Businessman Eamon Friel is about to retire, but he is adamant he wants to leave his salon in safe hands. The 62-year-old has cut hair across Co Donegal for the past two decades, but has now decided to take a back seat.
However, he wants to pass on the tradition to someone who will help cut the hair of people across Donegal, from Dungloe to Glenties.
Friel, who was born in Scotland to Donegal parents, moved to Ireland in 1978 after training as a barber in Glasgow.
He tried his hand at a number of jobs, including building, but always had a love for cutting hair.
It was while travelling across Donegal that he noticed a lack of barber shops in rural towns in the northwest. “I saw a real opening, and at first I thought I could rent a room here or there for a day, but that was difficult.
“I then thought I could get a trailer and put it on to the back of a car and tow it around, but I didn’t fancy the idea of towing a trailer.
“I then spotted a mobile bank doing the rounds and I knew that was the answer,” he said.
In 1991 Friel bought a Fiat Iveco, which was an old AIB mobile bank, and set about customising it to his own needs for the barber shop.
He has been travelling on certain days to various towns across Donegal, including Falcarragh, Gaoth Dobhair, Dungloe, Milford, Ramelton, Rathmullan and Glenties.

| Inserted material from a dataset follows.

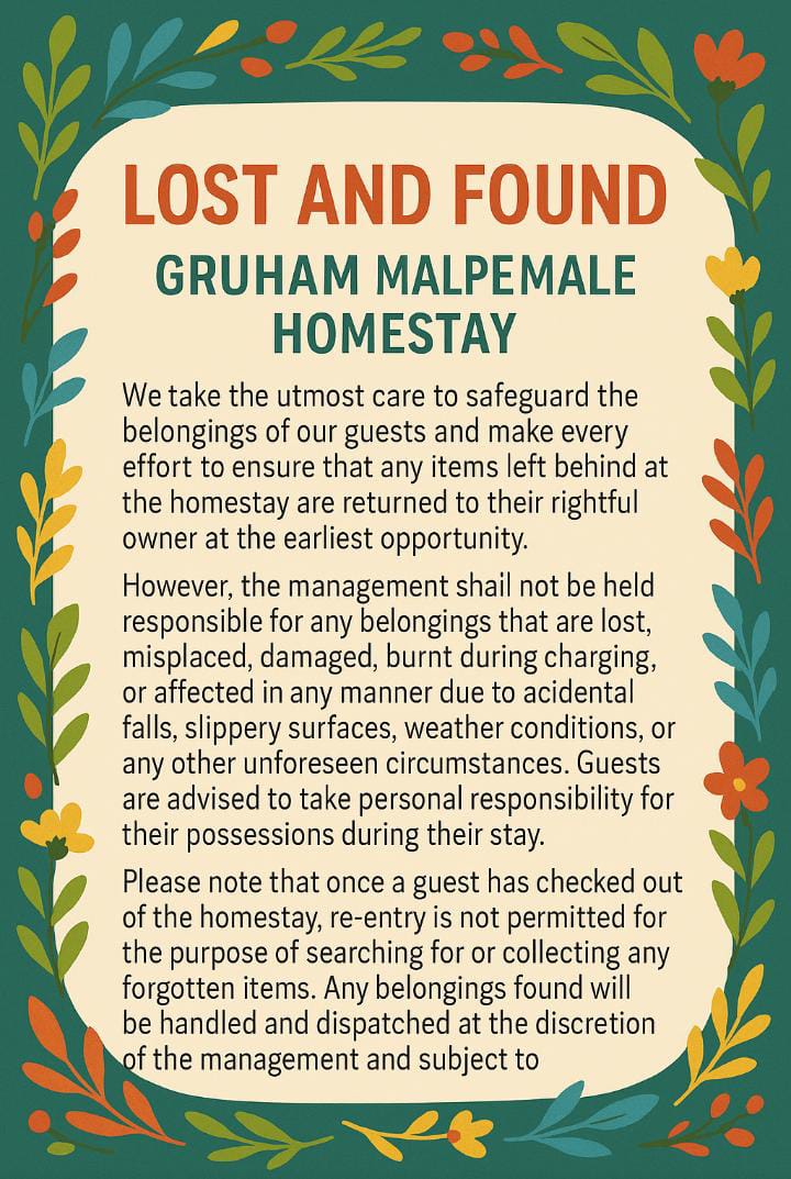 We take the utmost care to safeguard the belongings of our guests and make every effort to ensure that any items left behind at the homestay are returned to their rightful owner at the earliest opportunity. However, the management shall not be held responsible for any belongings that are lost, misplaced, damaged, burnt during charging, or affected in any manner due to accidental falls, slippery surfaces, weather conditions, or any other unforeseen circumstances. Guests are advised to take personal responsibility for their possessions during their stay. Please note that once a guest has checked out of the homestay, re-entry is not permitted for the purpose of searching for or collecting any forgotten items. Any belongings found will be handled and dispatched at the discretion of the management and subject to availability of staff and logistical feasibility. We strongly encourage all guests to double-check their rooms and ensure they have all personal items with them before departure.

Despite enjoying a wonderfully rewarding career, the father of five from Milford admits that things didn’t get off to the best of starts. “I thought I would follow the farmers’ marts around the county and pull up outside the marts when farmers were waiting to buy and sell livestock. But it was a disaster. They just didn’t seem to be interested.”
He has encountered some protest from women after refusing to cut their hair. “I am a man’s barber and that is what I trained as. I have been called a male chauvinist because I don’t cut women’s hair, but that’s just how it is,” he said.
Friel has trimmed the locks of Sinn Féin president Gerry Adams, who has a holiday home near Falcarragh. “I didn’t get into a big political conversation with him. We just stuck to the usual chat about the weather.”
Now as he prepares to hang up his razor and comb, Friel wants someone to take over his “run”.
“It’s a good business opportunity . . . It has provided a life for myself, my wife Sheila and our children.
“I would like to think that the van could do the same for someone else.”